Excuse me. Secure inter-domain routing. There are two new working group documents and there are nine active documents. If you want to see them get accepted, you need to get involved. When you have this many, they fall off the table. So if there is anything in this list -- there is a second page because there are so many, there's nine. So go in and look at those. If you actually like one of those that you see, get on the list and start talking about it so it doesn't get dropped.
Grow. There is one active document. And there are new working groups created.
There's NETCONF Data Modeling Language, and it's modeling language for use with NETCONF protocol. And then there's Internationalized Domain Names in Applications, the working of your group is to finish revising IDNA work. Source Address Validation Improvements. They verify source addresses of packets on the originating link.
Next one is in Minneapolis, November 16th though the 21st. And there's a WIKI that summarizes recent and upcoming BOF activities, which is on this slide, and then it'll include early topics that might or might not eventually result in a BOF. If you do want it to result in a BOF, again, get involved on the mailing list. And officially approved BoFs, once known, are posted at this link.
I went through these fast; I was asked to make up time. So, hopefully that's okay.
Are there any questions?
MR. CURRAN: Questions on the IETF report? Thank you, Marla.
MS. AZINGER: You're welcome.
MR. PLZAK: Thanks, Marla.
MR. PLZAK: Now we'll move on to Policy Proposal 2008-5. This is a policy entitled "Dedicated IPv4 Block to Facilitate IPv6 Deployment," introduced in June this year, discussed at one policy meeting so far, and that was the one in Nassau. A similar proposal in the APNIC region is in last call. And in the LACNIC region it has been adopted.
What this does is it designates a /10 from ARIN's last /8 to be used to facilitate immediate IPv6 deployment, things such as dual stack servers, NAT-PT, NAT646, and so forth. Prefix size would be a 28 through a 24 allocations and assignments. And you can get one prefix every six months.
Shepherds are Owen and Matt. No liability risk from the Council. Staff's got some comments and issues.

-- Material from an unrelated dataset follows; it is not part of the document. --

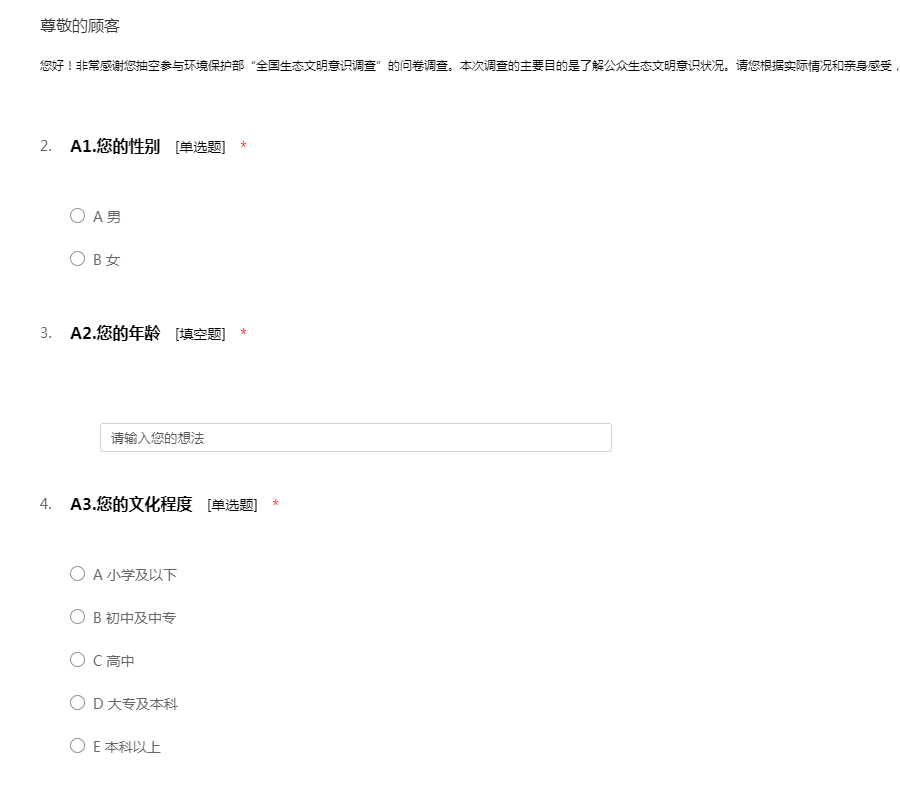 您好!非常感谢您抽空参与环境保护部“全国生态文明意识调查”的问卷调查。本次调查的主要目的是了解公众生态文明意识状况。请您根据实际情况和亲身感受,对以下问题做出回答。

Unclear about the supply timeframe. Is it 30 days? Six months? They must be members in good standing of ARIN. That's not needed. ARIN will continue to issue resources only to organizations that have paid their bills. And will affect DNS operations for independent allocations made that are longer than a /24.
And from a resource impact, it's going to require some software template changes. So, we're saying a moderate implementation time, 120 to 180 days.
Some discussion on the list. I'll let you read the comments. Again, you can go to the archives and read them all.
And I would like to ask Alain to come up and present the proposal.
MR. DURAND: Good morning. My name is Alain Durand. I would like to talk about this Policy Proposal 2008-5.
So the overview is, when ARIN will receive the last /8 allocation from IANA, there were questions about what are we going to do with it? So, this is one attempt at answering this question.
So, the policy says that at that time, a contiguous /10 will be put aside and will be reserved to help facilitate IPv6 deployment. So (off mike) essentially, if you want some addresses from that block, you will have to justify how it's going to help you to deploy IPv6.
So we have provided some examples, like if you need to have a DNS (off mike) that is reachable for IPv4, as recommended by (off mike) RFC, you need a v4 address. So that's a clear example of what could be acceptable. If you have some kind of NAT, (off mike) NAT servers, being a NAT-PT, NAT64, dual stack lite, or -- 464 was the old name of dual stack lite, by the way -- all of this is going to require a small amount of IPv4 addresses to enable you to deploy an IPv6 server.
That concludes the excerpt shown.